Although this matter started out as a § 220 suit, the
prior 70-page decision in this case was limited to the disclosure (or not) of a
letter that former HP CEO Mark Hurd sought, unsuccessfully, to keep sealed.
That decision was highlighted on these pages here,
and is reported to be the subject of an appeal.
We write today however to focus on the Court of Chancery's ruling from the
bench (actually by phone after a hearing), that denied the request for books
and records under § 220 relating to the report after an investigation by
counsel for a committee of the board which analyzed the claims against Hurd,
the former HP CEO. The claims against Hurd were made in the letter that was the
focus of the 70-page decision. The report that was sought presumably addressed
whether Hurd should have been fired for cause, as opposed to the ultimate board
decision allowing him to resign with a $40 million severance package. The transcript
of the hearing that preceded the oral ruling is available here.
Bottom Line: The Court denied the § 220 request for the report of the
committee's counsel based on "attorney-client privilege" and the work product
doctrine. In sum, the twin barriers to the § 220 claim were imposed due to the
nature of the books and records being prepared in the context of existing
claims that were either threatened or had already been filed at the time the
counsel to the committee was preparing its report and conducting its
investigation - - and no exceptions applied based on the facts of this case.

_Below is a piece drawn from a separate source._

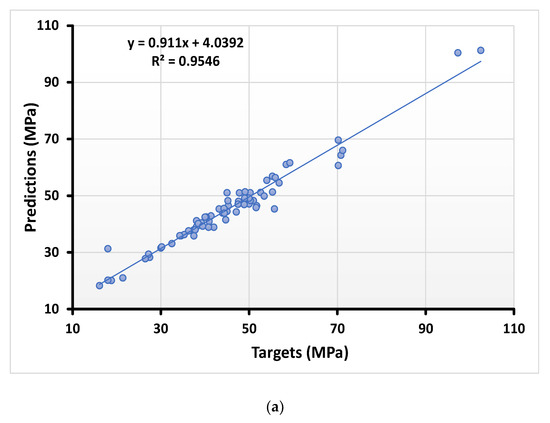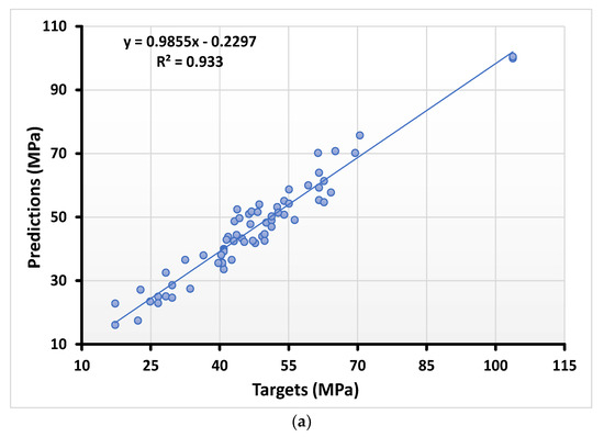As demonstrated by the data, the ML-based strategy for forecasting the mechanical characteristics of concrete is clearly better than traditional mechanics-based methods. The advantages are as follows: (1) ML does not at all require complex mechanics/theoretical equations but instead finds the mapping between the input and output utilizing numerical and/or computer knowledge of science, making it very accessible to the readers; (2) Unlike most empirical models, which typically consider a limited number of variables when deriving the formula, ML can consider an infinite number of variables; (3) Meanwhile, inherent uncertainties [55] can be incorporated into the training process; and (4) The precision, reliability, and robustness of machine learning-based models are significantly higher than those of traditional models: they can provide objective and accurate results in a matter of seconds.

Bloomberg reported on the ruling here.
In order to fully appreciate this oral decision, the background provided in the
70-page earlier ruling on the confidentiality of the letter that led to Hurd's
resignation, available at the above link, would be helpful to read. However,
the more important point to make, or more important question to ask, is how the
oral ruling in this can be reconciled with the recent § 220 decision in Lampers
v. Morgan Stanley, highlighted here,
in which the Court of Chancery ordered the production of the report of
counsel to the board that explained why the board refused a pre-suit demand to
pursue claims against certain officers and directors of the company. Based on
my reading of Lampers, a careful and nuanced analysis of the Lampers decision
does not support the view that Lampers should be confined to allowing a
committee report in a demand-refused context because in part, the Lampers
decision was animated by the concern of the Court that the Board did not
explain its decision. Due to the lack (at least for the time being) of a
comprehensive written opinion in Espinoza II, however, we may not
know for sure.
Read more Delaware business
litigation case summaries and commentary on Delaware
Corporate and Commercial Litigation Blog, a blog hosted by Francis G.X.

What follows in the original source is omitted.